- The records:
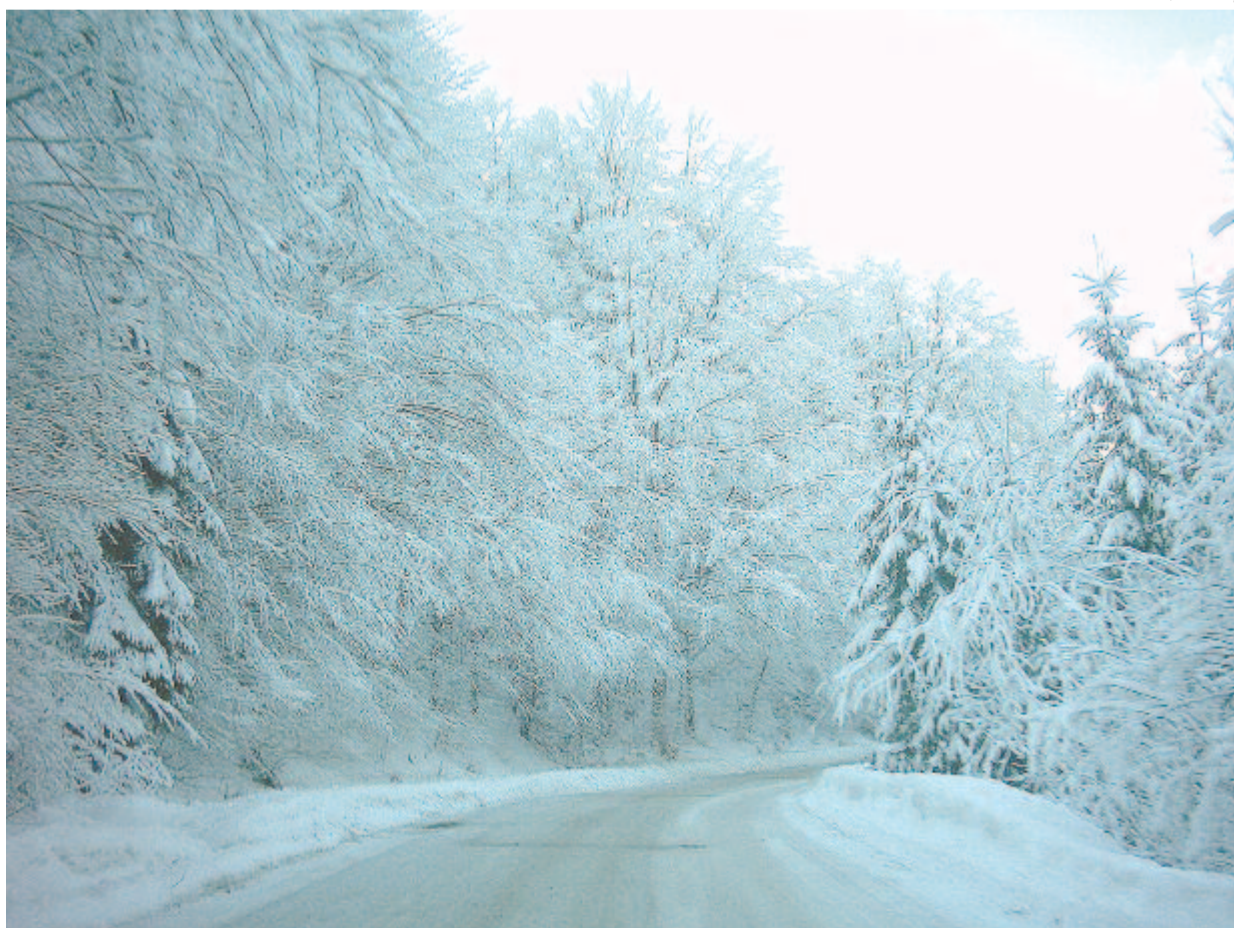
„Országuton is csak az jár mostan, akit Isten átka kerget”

...

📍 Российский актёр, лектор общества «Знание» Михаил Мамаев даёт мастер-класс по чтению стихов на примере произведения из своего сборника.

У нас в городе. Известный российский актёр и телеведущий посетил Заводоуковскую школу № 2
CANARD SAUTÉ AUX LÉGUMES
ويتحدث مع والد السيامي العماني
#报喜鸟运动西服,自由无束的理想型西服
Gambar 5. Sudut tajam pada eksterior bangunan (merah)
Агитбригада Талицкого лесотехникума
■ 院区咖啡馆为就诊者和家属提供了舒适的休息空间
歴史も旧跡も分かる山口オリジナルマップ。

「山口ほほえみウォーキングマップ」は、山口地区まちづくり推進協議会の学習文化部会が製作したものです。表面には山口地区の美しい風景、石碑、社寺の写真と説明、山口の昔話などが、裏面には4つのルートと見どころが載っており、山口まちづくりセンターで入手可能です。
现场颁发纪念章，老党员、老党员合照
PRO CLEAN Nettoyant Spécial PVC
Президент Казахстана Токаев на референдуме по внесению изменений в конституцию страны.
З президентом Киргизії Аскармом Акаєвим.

--

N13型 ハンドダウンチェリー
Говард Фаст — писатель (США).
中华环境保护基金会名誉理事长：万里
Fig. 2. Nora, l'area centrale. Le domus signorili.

- Your task:
Reprint exactly the lines above that start at the one with "ويتحدث مع والد السيامي العماني" and end at the one with "З президентом Киргизії Аскармом Акаєвим.", keeping both and adding none.

- Result for this task:
ويتحدث مع والد السيامي العماني
#报喜鸟运动西服,自由无束的理想型西服
Gambar 5. Sudut tajam pada eksterior bangunan (merah)
Агитбригада Талицкого лесотехникума
■ 院区咖啡馆为就诊者和家属提供了舒适的休息空间
歴史も旧跡も分かる山口オリジナルマップ。

「山口ほほえみウォーキングマップ」は、山口地区まちづくり推進協議会の学習文化部会が製作したものです。表面には山口地区の美しい風景、石碑、社寺の写真と説明、山口の昔話などが、裏面には4つのルートと見どころが載っており、山口まちづくりセンターで入手可能です。
现场颁发纪念章，老党员、老党员合照
PRO CLEAN Nettoyant Spécial PVC
Президент Казахстана Токаев на референдуме по внесению изменений в конституцию страны.
З президентом Киргизії Аскармом Акаєвим.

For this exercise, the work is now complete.